Finding Self

Where is self?

The pain, emotional and physical,
has shown demanding intolerance,
there will be no denying its existance,
pain’s presence invokes omnipresence.

Aroursed to fight… or flee,
loosed demons that betray,
voices, internal dialogue,
unvanquished torment!

Survival’s demanding sources,
doling out more pain… persistant
tolls on body and mindfulness,
dampened soul, like deadened sound.

The silence hurts beyond limits,
hurling to our body memories,
flashbacks, dissociations
intended survival, walls to self.

Where is “self” hidden now?
In what room of the fortress?
Will doors be opened upon request?
Go seeking, a journey, a quest to self.

Childhood Sexual Trauma therapies and experience. Sharing welcomed.

I am in a region where many types of therapy are in high demand and therapists abound. It’s hard to find one who is available, and well trained. There are many who need therapy for what I’m dealing with, here’s a video to expose the reason: Video about male childhood sexual assaults and rape.

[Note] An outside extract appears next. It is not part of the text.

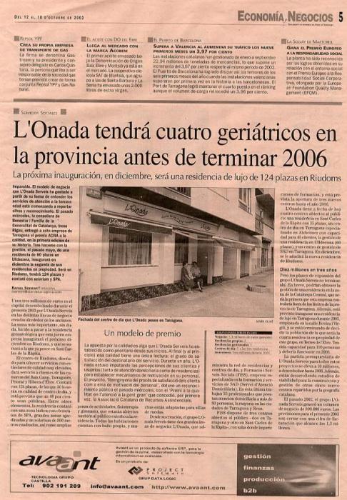 Próxima inauguración de l’Onada Serveis a Ulldecona. Dicha residencia contará con elementos de SPA, grandes zonas ajardinadas y un solarium de 300 m2, amplias zonas de actividades, fisioterapia y gimnasio. Todas las habitaciones cuentan con baño propio, y muchas están adaptadas para sillas de ruedas. Desde su creación, l’Onada Serveis tiene dos grandes áreas de negocio: l’Onada que administra la red de residencias y centros de día, y Formació i Serveis Socials (FiSS), empresa especializada en la formación y servicios de SAD (Servei d’Atenció Domiciliaría). FiSS dispone de tres centros abiertos al público. L’Onada tiene a fecha de hoy cuatro centros abiertos. La partida presupuestaria de l’Onada Serveis para todos estos proyectos se eleva a 10 millones, a desembolsar hasta 2006.

Here’s a story, similar to mine, about the evil of being taken advantage of and subjected to rape as a minor, age 16, by two men I had met that evening. A story of childhood rape.

I have found, that my connection with my therapist, her willingness to get to know me, and especially my idiosyncrasies has given the best results. I’ve experiences from about a dozen therapists in my lifetime, and some 3 or more psychiatrists. I’ve seen she takes her training seriously, and knows my need to question how things work, so I know what to expect. It has been instrumental toward the progress I’ve realized thus far.

I’ve also studied Janina Fisher, Pat Ogden and Bessel Van Der Kolk among others, to understand what my mind and body are going through. Here are therapies I’m now aware, please review: A video about the importance of Sensorimotor Therapy

I’ve mentioned EMDR therapy in a previous diary: EMDRIA, and overview.

Here’s a video about Polyvagal theory.

Dissociation and childhood trauma therapy: An overview of Dissociation.

A therapy unknown to me, but on my radar is Neurofeedback via brain mapping:

An overview of Neurofeedback therapy.

 

A video explaining Internal Family Systems therapy.

Depression, self loathing, dissociation, and the effects of survival mode with body reactions are entwined in all this. Every survivor has parts to heal that move toward healing, protecting, or escaping, but somehow with the hope of thriving. I know the therapy work, studies and research, writing, advocating for myself are helping me with healing. I share to interest others in finding what helps themselves, comparing to my experiences if they wish. I share to be relatable and I’m open to listening to others, to validate their experiences, and share in community.

 

The parts I’m working on need safety to heal, to deal with all the above. I’m doing things for my youngest memories to my older youth, it’s called Internal Family System and relates to a lot of me. The connection of my parts, my inner children, a sense of my internal family system, linking the depth of my parts to their trauma, neglect, bullying, molestation and rape, is this added description and next link :
Janina Fisher helps describe therapies

I have spent a lot of time on parts, the IFS therapy. It’s been important especially because I’ve been blocked from seeing my inner self by dissociation. That’s where I block a problems source and its affect on me. The revelations were profound, especially self loathing and need for self love. It’s physically felt with sometimes visceral intensity, so my therapist also taught me self care. She worked with Sensorimotor therapies that sought to bring to my core, what small love could be built with the work.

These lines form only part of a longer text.